During the first week of May, we had a 3 incidents in the course of 3 days, which resulted in users being unable to access Olark. We take pride in working to keep Olark stable, and accessible and we know that your business relies on us to keep chats flowing. On the 2nd, 3rd and 4th of May we failed to do that, and we apologise.
We want to take a moment to explain both what happened, and the measures we are putting in place to prevent a similar thing happening again.
On Wednesday, May 2nd at 8:50 PM UTC we were alerted to network packets being dropped by our cloud hosting service. Approximately 15 minutes later our hosting provider had updated their status page acknowledging that there was a networking issue on their end. At 9:15 PM UTC the issue was resolved by our hosting provider. Unfortunately due to the way our authentication infrastructure is set up, the outage persisted longer whilst our system processed the increased load of agents logging back in to chat.olark.com. Our servers recovered and we entered monitoring at 9:30 PM UTC.
On Thursday, May 3rd at 6:49 PM UTC, we were alerted to olark.com being unavailable. We immediately began investigating. While we were looking into the root cause, olark.com once again became available. Login however, remained down as our servers began working through the increased load of agents logging back in. Around this time some agents were logged out of chat.olark.com as a result of our rolling authentication process, and were unable to re-authenticate due to the increased load.
This combination of factors exacerbated the authentication issue and extended the time it took for our systems to recover. At 7:40 PM UTC we started rolling out additional capacity to handle the increased load. Around 7:48 PM UTC our services began recovering on their own before the additional capacity had finished being deployed. During the time our servers were recovering we narrowed down the cause to a failing health check in one of our services responsible for authentication and serving our website. Once found, a fix was deployed at 7:55 PM UTC.

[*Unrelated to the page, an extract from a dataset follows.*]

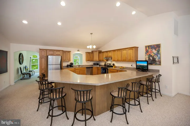 Do not miss the photos showing boats within this cove location. Sellers have hosted family reunions with loads of boating activty year after year!! Looking for my new family!! Walkin to an impressive open bright oversize living space. Cookies fresh from the oven reach all the waiting hands gathered around the expansive surround eating bar. The children numbered 8 when together!! The hanging chandelier area identifies a more traditional dining space. From the kitchen one can see through to the lakeside family room & conveniently use the pass thru from room to room!! Definitely a pass through with a veiw of the outdoors. The Palomino maple cabinetry offers a warm inviting color to the great working counter space kitchen. Off the dining area is a guest en-suite perfect for visiting family, friends & privacy. From the family room one enters the lakeside en-suite including a jet tub, sep shower, split vanity setup with a make-up vanity and two walk -in closets. Two additional bedrms, a large laundry room & garage complete main level. What a fab surprise is the lower party room. Its steel beam supported open area easily accommodates line or square or ballroom dancing :). The speakers convey. The recessed lighting adds to the ambiance. There is an entertainment wet bar & convenient mini kitchen setup. Behind the bar is a sizeable vinyl floored hobby, exercise or craft room and a two rough-in room storage area. The lakeside lower bedroom accesses the full bath as does the party/rec room. The adjoining patio affords great spillover space to enjoy the lake & its view out of the cove. The yard is naturally landscaped with less maintenance floral beds.

On Friday, May 4th at 2:48 PM UTC, we were alerted to our dashboard and login being down. Investigation immediately began and found an increased load to our service providing subscription information for banners in the dashboard section of the website. By 3:00 PM UTC services had recovered and agents were able to login again. We began to roll out temporary fixes to reduce the load on impacted systems, however there was a subsequent issue in the deploy which caused dashboard pages to not load. We had a fix for the additional issue out and in production at 3:20 PM UTC and our system returned to normal. Additional capacity for services impacted, was deployed by 3:32 PM UTC, at which point, we entered monitoring.
Our systems have remained stable since these fixes were implemented.

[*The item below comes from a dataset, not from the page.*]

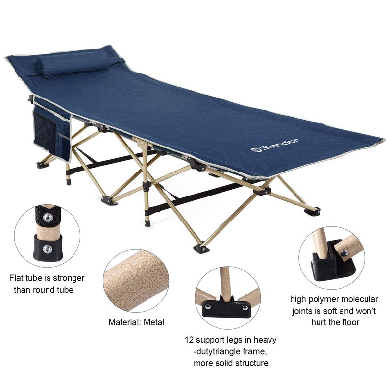 - 【1200D Double Layer Polyester Oxford】Using softer bed surface than other folding beds on the market, the lying experience is better.Slendor Camping Cot is constructed in a Double Layer of upgrade 1200D polyester for superior strength, water risistance and easy cleaning, this heavy duty cot is softable, breathable. Gentle incline promises no more morning back, neck or shoulder ache!

Thank you for your understanding and patience during these outages. Everytime something like this happens, we do internal post-mortems and review our processes in order to prevent anything similar happening again. As a result of these, we have implemented a number of improvements
Updates have been made to our authentication systems to prevent minor disruptions from affecting agents ability to chat.
We have ensured that agent login is the highest priority by isolating our authentication services and increasing capacity.
Our service providing subscription data has been decoupled to ensure it doesn’t impact agent’s ability to login.
Once again, we apologize for the impact this had on your day to day work last week. I hope our actions and communication have helped in some way to demonstrate how much our team values your trust.
Nick Crohn, Director of Engineering